(Data provided begins)
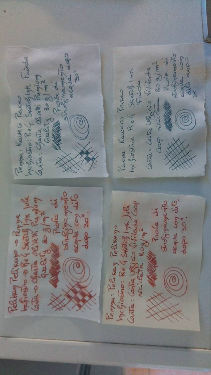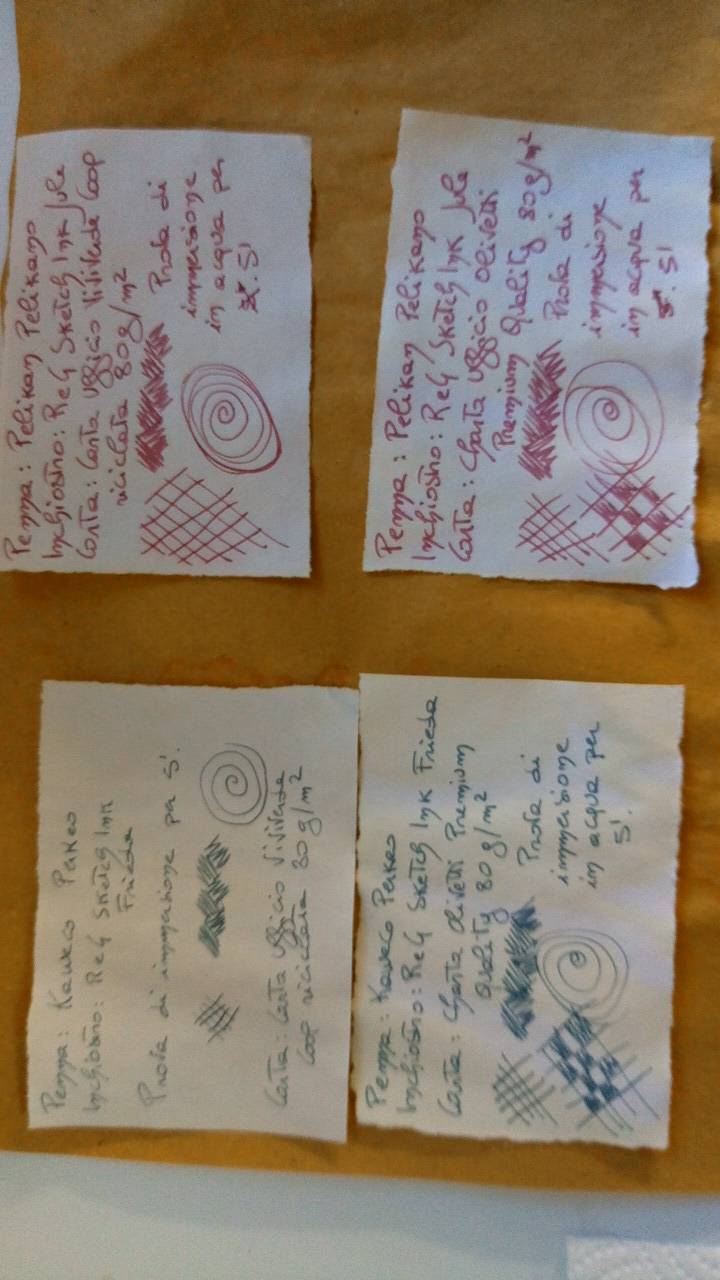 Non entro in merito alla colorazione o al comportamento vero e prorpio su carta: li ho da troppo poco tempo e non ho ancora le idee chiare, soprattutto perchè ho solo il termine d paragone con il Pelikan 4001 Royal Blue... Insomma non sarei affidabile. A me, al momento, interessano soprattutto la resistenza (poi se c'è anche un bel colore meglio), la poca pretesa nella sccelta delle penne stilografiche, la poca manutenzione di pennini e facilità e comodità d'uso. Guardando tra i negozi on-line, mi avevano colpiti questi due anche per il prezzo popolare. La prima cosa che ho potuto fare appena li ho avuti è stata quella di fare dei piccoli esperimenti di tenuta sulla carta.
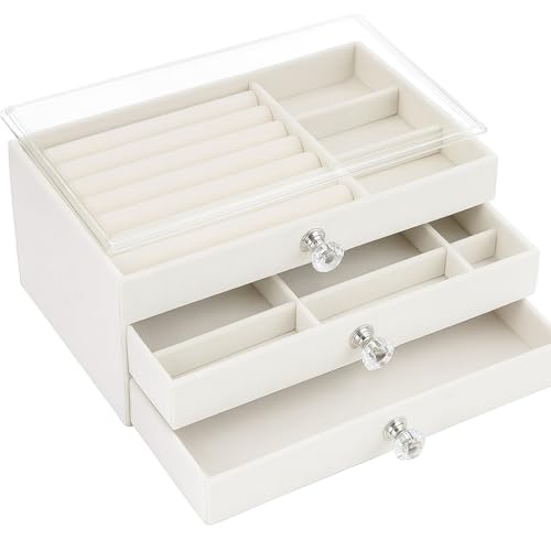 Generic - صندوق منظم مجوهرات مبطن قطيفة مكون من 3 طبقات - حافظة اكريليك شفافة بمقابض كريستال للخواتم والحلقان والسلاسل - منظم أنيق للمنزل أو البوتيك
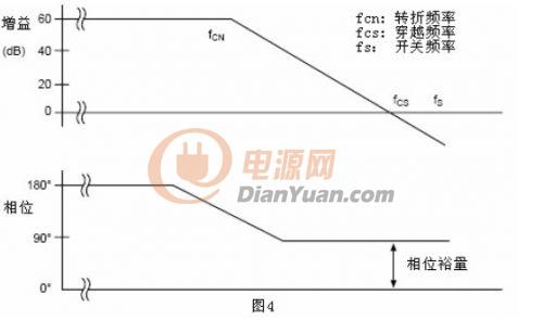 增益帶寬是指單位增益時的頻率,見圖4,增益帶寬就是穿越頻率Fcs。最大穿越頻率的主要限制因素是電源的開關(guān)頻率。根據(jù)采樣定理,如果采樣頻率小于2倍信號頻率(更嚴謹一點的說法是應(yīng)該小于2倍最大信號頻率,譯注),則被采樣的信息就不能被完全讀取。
(Data provided ends)
_Task details_. Return the data exactly. Do not carry over any images.

_Solution for this exercise_.
 Non entro in merito alla colorazione o al comportamento vero e prorpio su carta: li ho da troppo poco tempo e non ho ancora le idee chiare, soprattutto perchè ho solo il termine d paragone con il Pelikan 4001 Royal Blue... Insomma non sarei affidabile. A me, al momento, interessano soprattutto la resistenza (poi se c'è anche un bel colore meglio), la poca pretesa nella sccelta delle penne stilografiche, la poca manutenzione di pennini e facilità e comodità d'uso. Guardando tra i negozi on-line, mi avevano colpiti questi due anche per il prezzo popolare. La prima cosa che ho potuto fare appena li ho avuti è stata quella di fare dei piccoli esperimenti di tenuta sulla carta.
 Generic - صندوق منظم مجوهرات مبطن قطيفة مكون من 3 طبقات - حافظة اكريليك شفافة بمقابض كريستال للخواتم والحلقان والسلاسل - منظم أنيق للمنزل أو البوتيك
 增益帶寬是指單位增益時的頻率,見圖4,增益帶寬就是穿越頻率Fcs。最大穿越頻率的主要限制因素是電源的開關(guān)頻率。根據(jù)采樣定理,如果采樣頻率小于2倍信號頻率(更嚴謹一點的說法是應(yīng)該小于2倍最大信號頻率,譯注),則被采樣的信息就不能被完全讀取。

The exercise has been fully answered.